**SUPPLIED DATA**
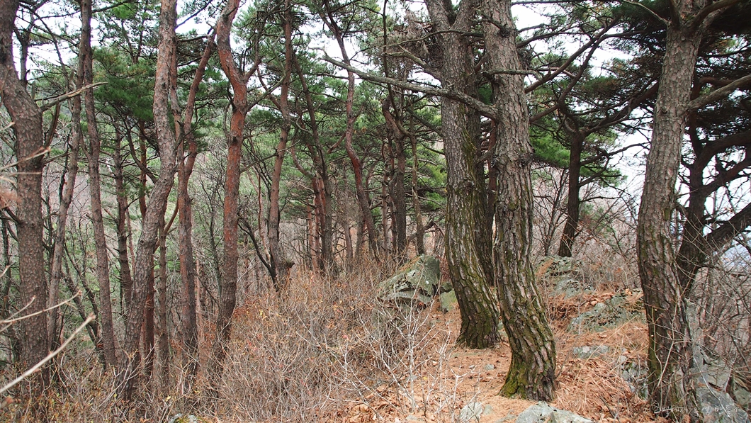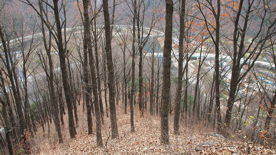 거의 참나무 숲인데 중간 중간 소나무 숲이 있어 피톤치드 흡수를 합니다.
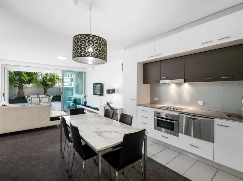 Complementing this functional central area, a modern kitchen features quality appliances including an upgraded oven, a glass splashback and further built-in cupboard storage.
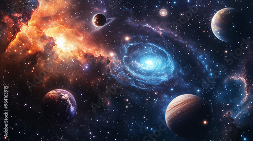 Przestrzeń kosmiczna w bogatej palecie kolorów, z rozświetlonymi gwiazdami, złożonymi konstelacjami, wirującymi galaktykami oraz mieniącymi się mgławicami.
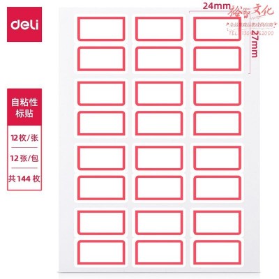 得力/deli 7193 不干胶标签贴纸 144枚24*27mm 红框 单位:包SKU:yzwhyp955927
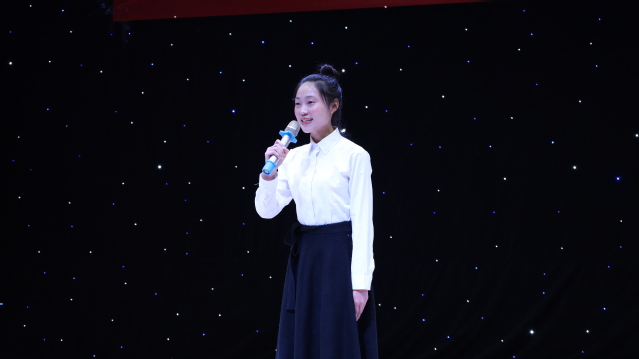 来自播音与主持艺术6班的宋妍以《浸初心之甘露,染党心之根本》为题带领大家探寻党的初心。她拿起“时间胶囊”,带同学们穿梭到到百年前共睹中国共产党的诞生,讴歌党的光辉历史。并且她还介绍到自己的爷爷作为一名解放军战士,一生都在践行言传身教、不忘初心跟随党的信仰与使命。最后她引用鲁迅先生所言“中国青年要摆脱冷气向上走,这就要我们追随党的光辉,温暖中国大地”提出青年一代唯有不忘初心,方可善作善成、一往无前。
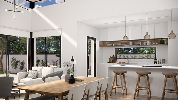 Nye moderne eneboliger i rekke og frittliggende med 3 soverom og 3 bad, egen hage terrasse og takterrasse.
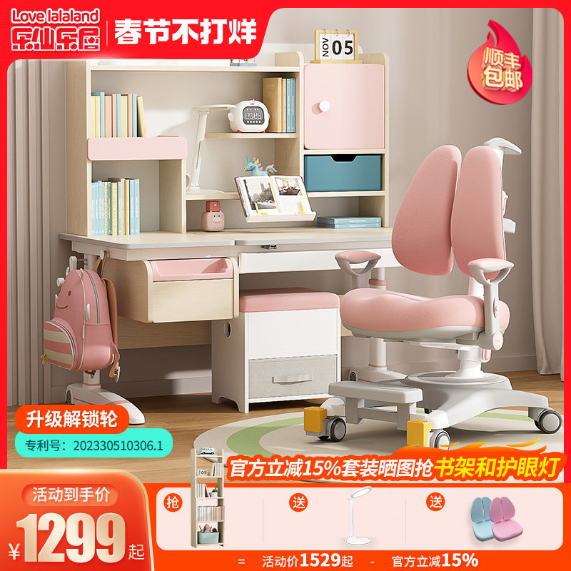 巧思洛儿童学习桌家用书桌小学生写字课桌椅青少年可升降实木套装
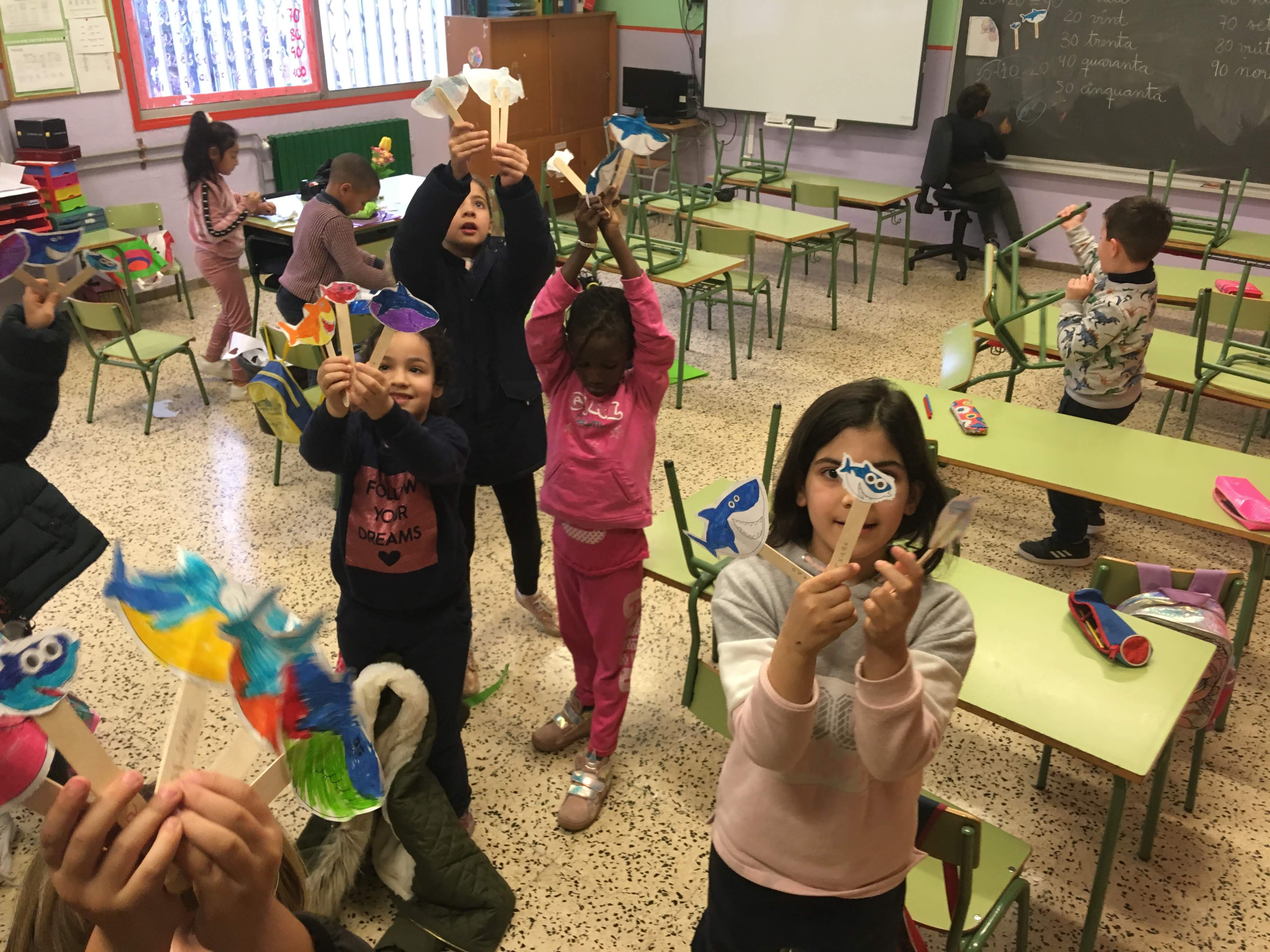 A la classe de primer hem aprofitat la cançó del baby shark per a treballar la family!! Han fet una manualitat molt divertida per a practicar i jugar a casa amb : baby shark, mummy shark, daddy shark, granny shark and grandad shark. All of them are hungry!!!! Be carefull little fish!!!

**TASK PROMPT**
Go back to the listing above and write out the lines starting at the one with "Nye moderne eneboliger" and ending at the one with "巧思洛儿童学习桌家用书桌小学生写字课桌椅青少年可升降实木套装", inclusive, exactly and without pictures.

**RESPONSE TO THIS EXERCISE**
 Nye moderne eneboliger i rekke og frittliggende med 3 soverom og 3 bad, egen hage terrasse og takterrasse.
 巧思洛儿童学习桌家用书桌小学生写字课桌椅青少年可升降实木套装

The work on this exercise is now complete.